CONCLUSION: Amongst patients with ACS undergoing revascularization, those with higher LAVi had more severe CAD, diastolic dysfunction and higher 30 day MACE. LAVi provides superior prognostic information as compared to conventional LV systolic and diastolic parameters in patients with ACS and should be incorporated in routine echocardiographic analysis. More studies with larger numbers and longer follow up are required to further elucidate on this.

INTRODUCTION

The atria are cardiac structures that are often overlooked during a routine echocardiographic examination.
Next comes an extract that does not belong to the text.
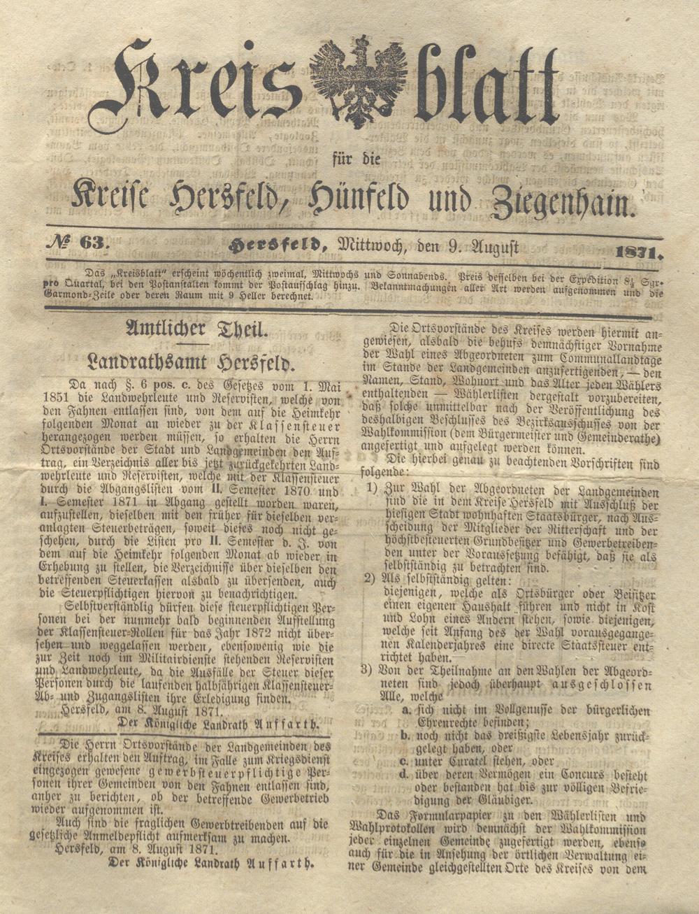 Hersfelder Kreisblatt. 1868-1913

In past, the measurement of left atrial antero-posterior diameter (LAAPD) with M-mode echocardiography was considered sufficient for evaluation of the left atrium (LA). Although this is simple to perform, its reliability and accuracy in reflecting the exact LA size is variable due to the asymmetric shape of the LA. Estimation of left atrial area (LAA), which is another surrogate indicator of LA size, is also limited by the fact that LA enlargement often occurs eccentrically, thus reducing the accuracy of this measurement. Calculating the LA volume therefore represents a more consistent determination of LA size as compared to diameter or area measurements and LA volume indexed to body surface area (LAVi) is the recommended method for LA size quantification.[12]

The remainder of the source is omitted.